Material to process:
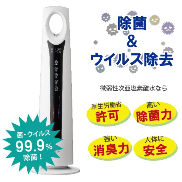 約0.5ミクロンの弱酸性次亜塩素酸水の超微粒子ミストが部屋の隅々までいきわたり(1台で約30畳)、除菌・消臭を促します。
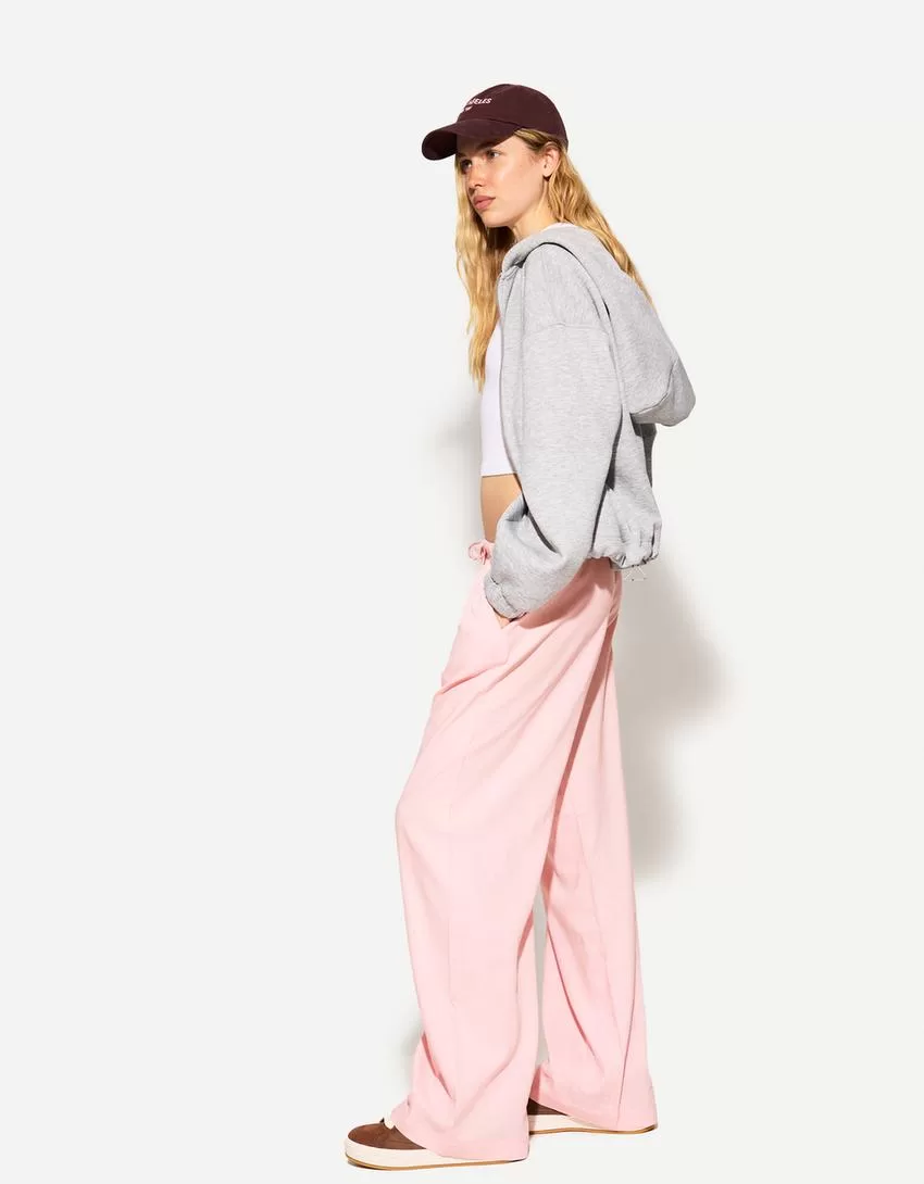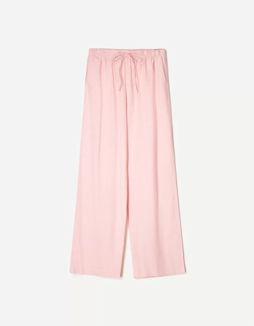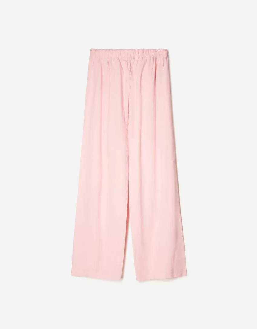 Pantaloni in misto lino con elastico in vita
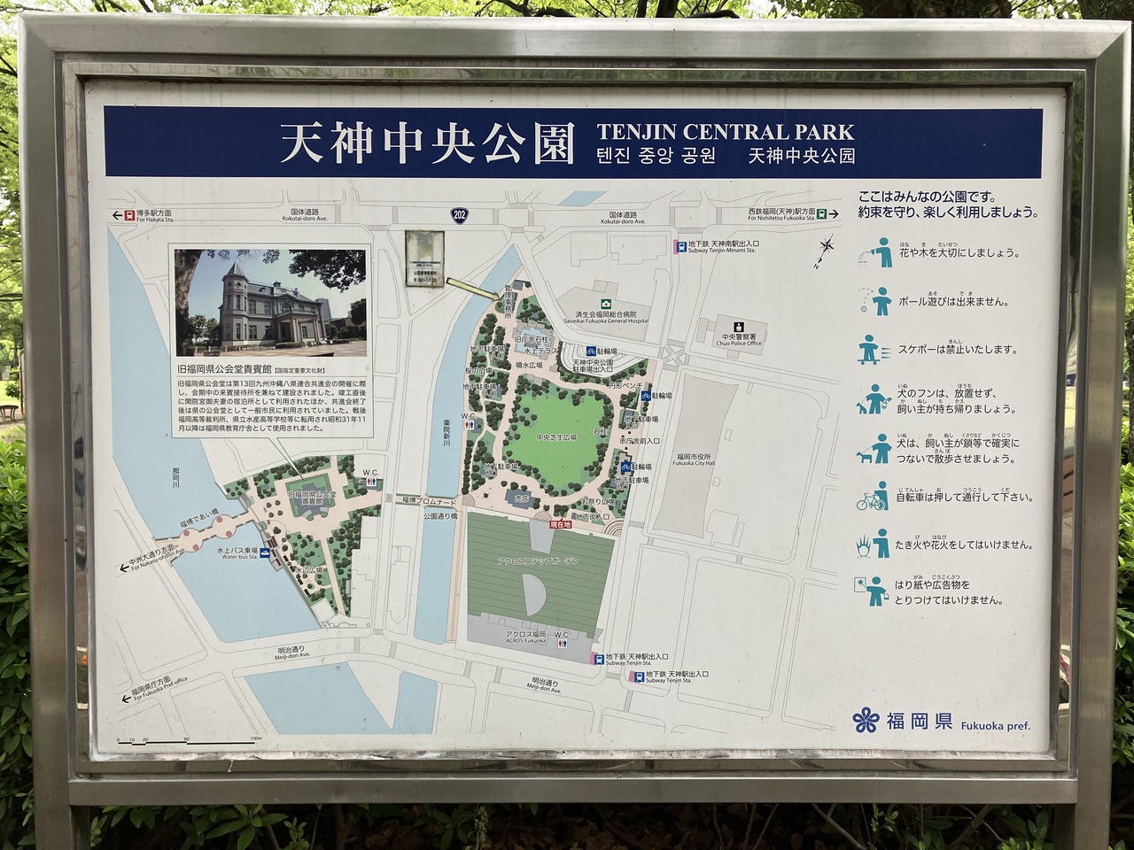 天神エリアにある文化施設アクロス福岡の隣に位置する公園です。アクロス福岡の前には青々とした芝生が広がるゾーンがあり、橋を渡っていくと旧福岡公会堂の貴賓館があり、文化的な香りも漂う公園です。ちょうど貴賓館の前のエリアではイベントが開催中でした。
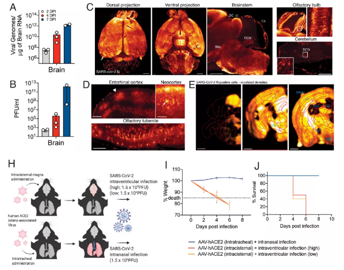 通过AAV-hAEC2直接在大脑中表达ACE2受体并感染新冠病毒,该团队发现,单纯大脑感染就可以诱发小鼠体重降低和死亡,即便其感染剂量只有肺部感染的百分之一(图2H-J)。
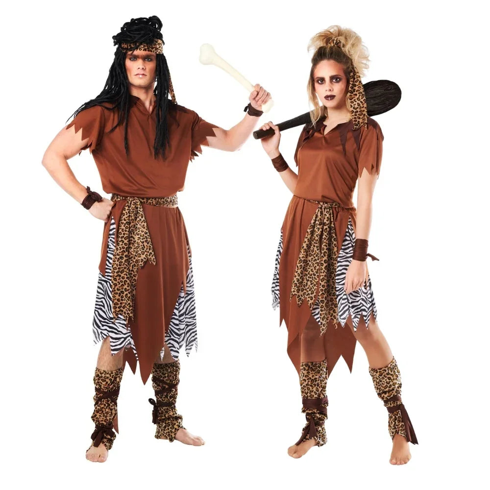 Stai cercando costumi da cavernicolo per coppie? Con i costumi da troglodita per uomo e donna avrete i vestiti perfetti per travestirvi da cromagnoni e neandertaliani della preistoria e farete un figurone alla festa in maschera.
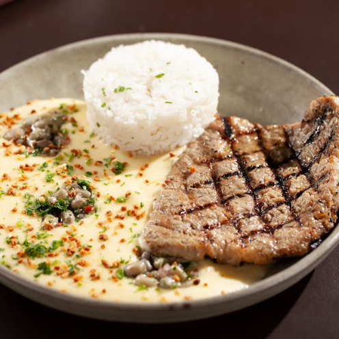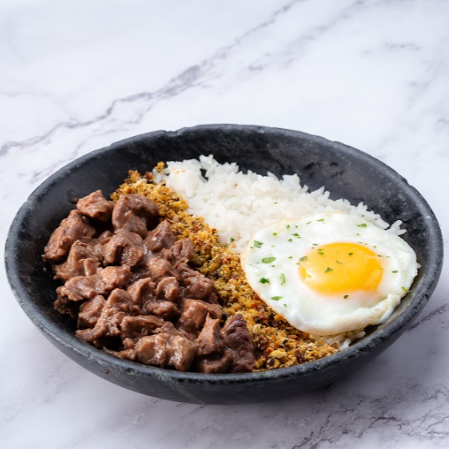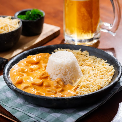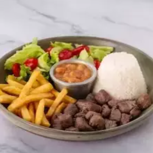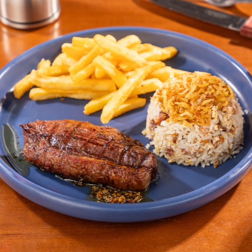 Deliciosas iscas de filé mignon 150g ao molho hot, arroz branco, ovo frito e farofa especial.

==

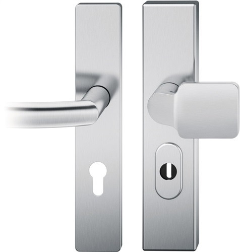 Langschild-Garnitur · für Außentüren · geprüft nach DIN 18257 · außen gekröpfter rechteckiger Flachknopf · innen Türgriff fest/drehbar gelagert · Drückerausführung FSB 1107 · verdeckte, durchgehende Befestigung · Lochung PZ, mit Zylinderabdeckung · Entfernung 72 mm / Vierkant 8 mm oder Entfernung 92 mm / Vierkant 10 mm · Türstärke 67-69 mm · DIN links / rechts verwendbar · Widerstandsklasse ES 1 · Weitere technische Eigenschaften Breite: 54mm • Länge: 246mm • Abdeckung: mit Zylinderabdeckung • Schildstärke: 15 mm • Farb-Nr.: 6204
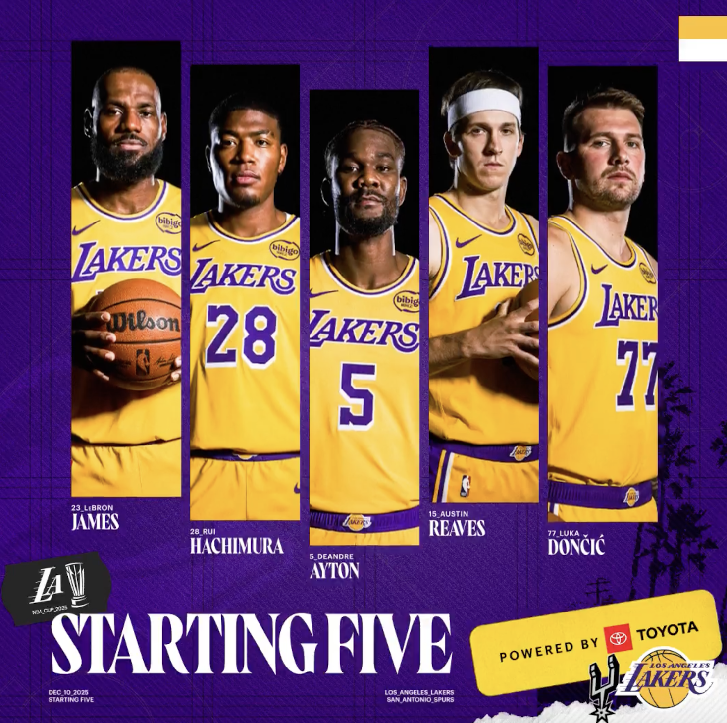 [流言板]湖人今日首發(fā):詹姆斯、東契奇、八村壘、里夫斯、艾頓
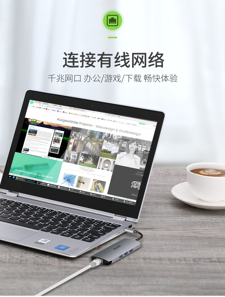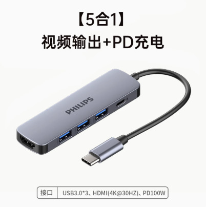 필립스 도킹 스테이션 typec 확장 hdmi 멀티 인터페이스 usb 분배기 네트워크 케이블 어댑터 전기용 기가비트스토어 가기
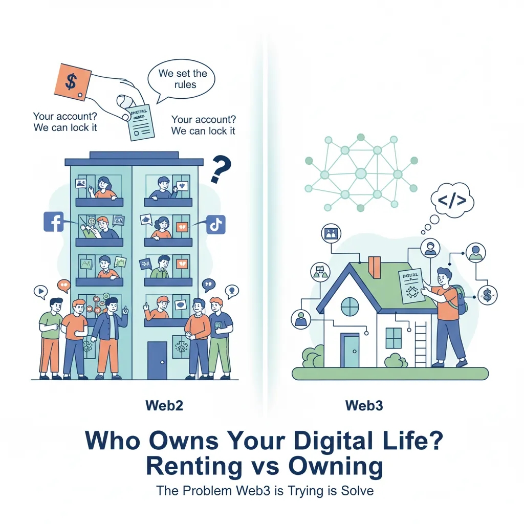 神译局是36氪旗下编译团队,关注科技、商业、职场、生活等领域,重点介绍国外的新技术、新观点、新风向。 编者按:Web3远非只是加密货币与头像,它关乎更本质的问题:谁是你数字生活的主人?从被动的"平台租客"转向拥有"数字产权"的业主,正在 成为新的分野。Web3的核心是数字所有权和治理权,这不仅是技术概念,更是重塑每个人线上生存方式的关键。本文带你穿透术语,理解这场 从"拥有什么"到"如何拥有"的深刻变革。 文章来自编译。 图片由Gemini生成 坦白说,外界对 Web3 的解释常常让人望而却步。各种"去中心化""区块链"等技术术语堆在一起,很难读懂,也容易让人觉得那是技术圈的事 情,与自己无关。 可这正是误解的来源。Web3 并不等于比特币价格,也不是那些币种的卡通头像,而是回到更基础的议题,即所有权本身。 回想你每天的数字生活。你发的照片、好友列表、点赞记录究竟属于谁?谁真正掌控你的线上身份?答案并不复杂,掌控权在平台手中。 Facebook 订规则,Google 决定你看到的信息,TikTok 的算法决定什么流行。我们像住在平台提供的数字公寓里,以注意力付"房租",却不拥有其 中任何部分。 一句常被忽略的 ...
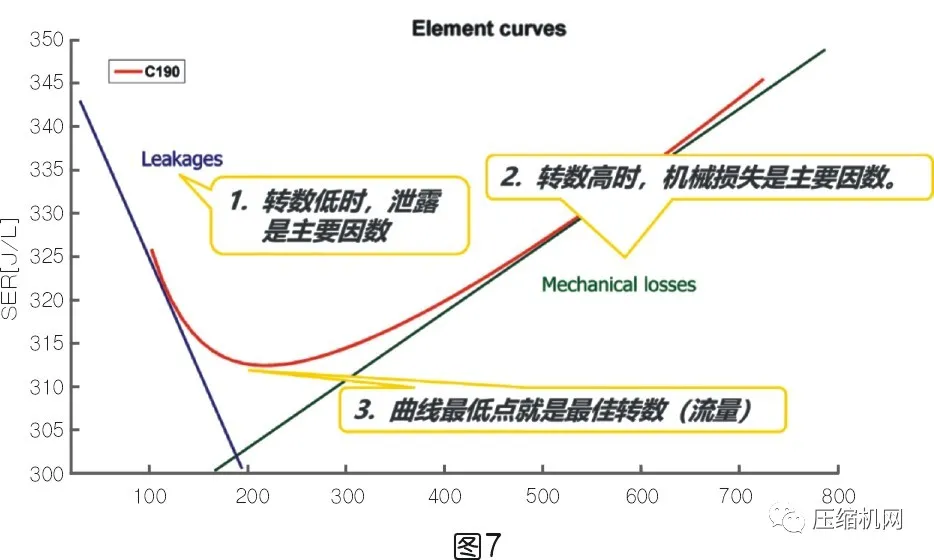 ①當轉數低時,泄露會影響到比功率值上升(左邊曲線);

Exercise: Your answer must be everything above from the line with "約0.5ミクロンの弱酸性次亜" down to the line with "通过AAV-hAEC2直接在", word for word, and no pictures.

Output below:
 約0.5ミクロンの弱酸性次亜塩素酸水の超微粒子ミストが部屋の隅々までいきわたり(1台で約30畳)、除菌・消臭を促します。
 Pantaloni in misto lino con elastico in vita
 天神エリアにある文化施設アクロス福岡の隣に位置する公園です。アクロス福岡の前には青々とした芝生が広がるゾーンがあり、橋を渡っていくと旧福岡公会堂の貴賓館があり、文化的な香りも漂う公園です。ちょうど貴賓館の前のエリアではイベントが開催中でした。
 通过AAV-hAEC2直接在大脑中表达ACE2受体并感染新冠病毒,该团队发现,单纯大脑感染就可以诱发小鼠体重降低和死亡,即便其感染剂量只有肺部感染的百分之一(图2H-J)。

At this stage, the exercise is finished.